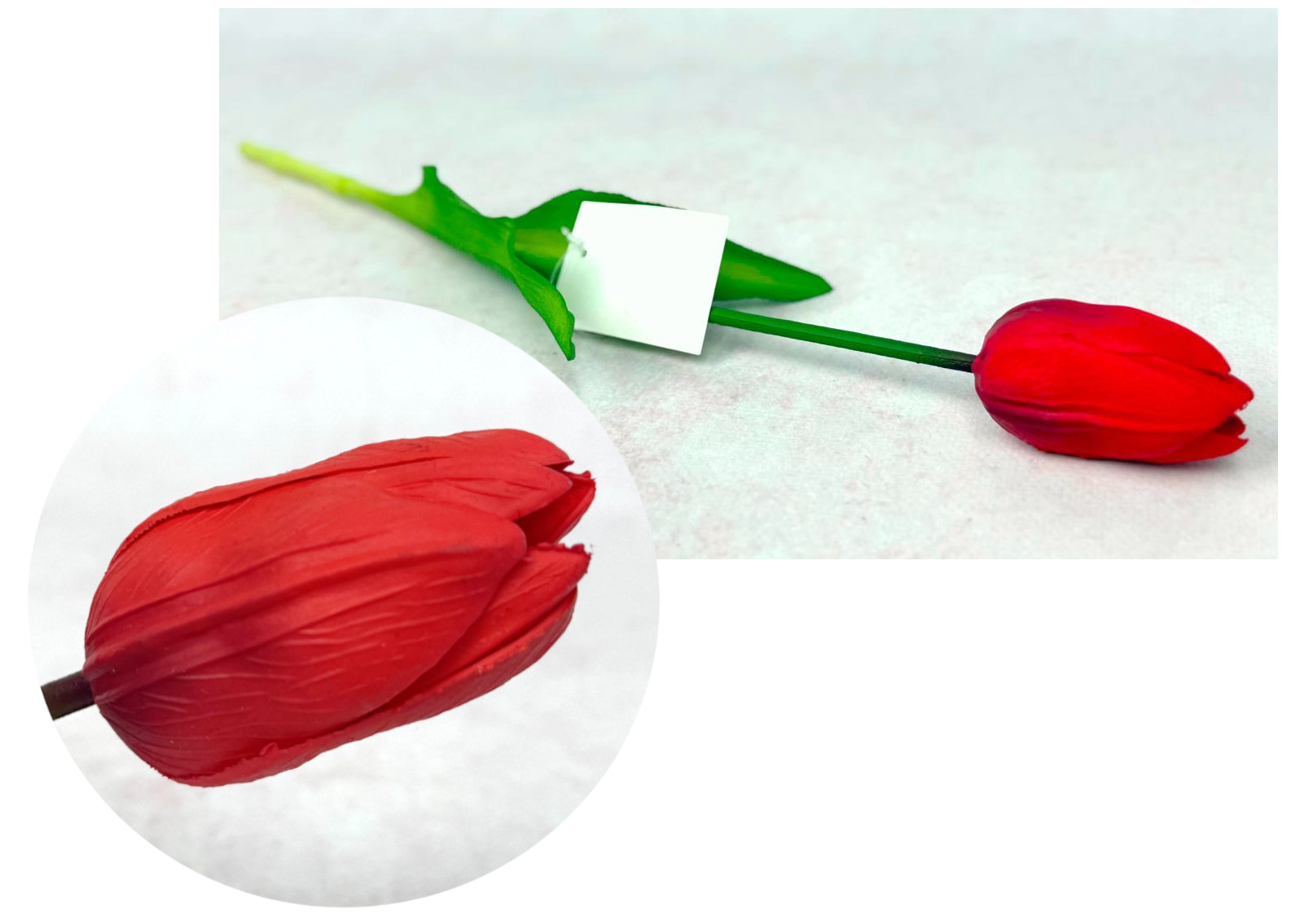 Kwiat TULIPAN gumowy wys. 42 cm (kwiat 6x4 cm) CZERWONY
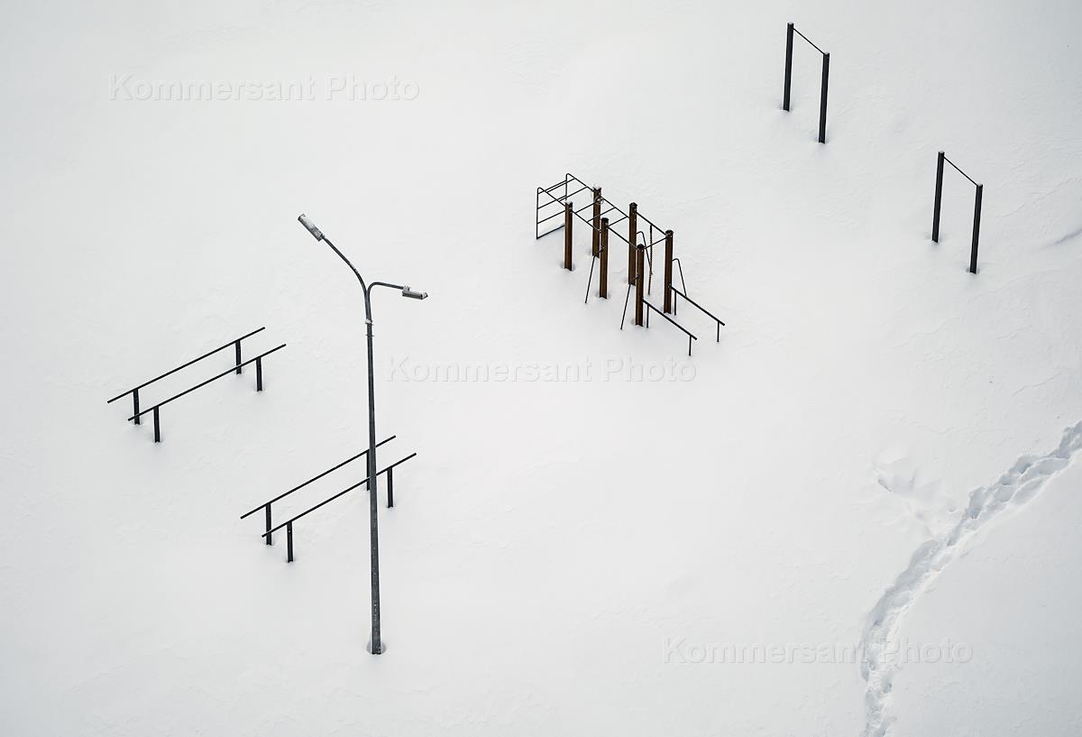 Виды Казани. Жанровая фотография. Турники на заснеженной спортивной площадке.
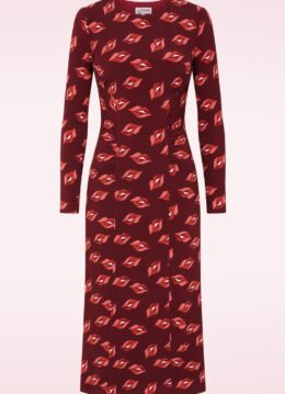“Red wine hue, kiss-print view… this dress does all the talking.” Deze Raffaella midi jurk is uitgevoerd in een soepel vallende, stretchy wijnrode stof die voorzien is van een grafische lippen print. * Midi jurk * Ronde halslijn * Lange mouwen * Flatterende plooitjes * Geheel gevoerd * Geen rits of knopen; aantrekken en ready to go! * Reikt bij een lengte van 1,70 m tot op de kuit

*Work to complete*: Leave out the pictures and give the rest of the material again, unaltered.

*Exercise answer*:
 Kwiat TULIPAN gumowy wys. 42 cm (kwiat 6x4 cm) CZERWONY
 Виды Казани. Жанровая фотография. Турники на заснеженной спортивной площадке.
“Red wine hue, kiss-print view… this dress does all the talking.” Deze Raffaella midi jurk is uitgevoerd in een soepel vallende, stretchy wijnrode stof die voorzien is van een grafische lippen print. * Midi jurk * Ronde halslijn * Lange mouwen * Flatterende plooitjes * Geheel gevoerd * Geen rits of knopen; aantrekken en ready to go! * Reikt bij een lengte van 1,70 m tot op de kuit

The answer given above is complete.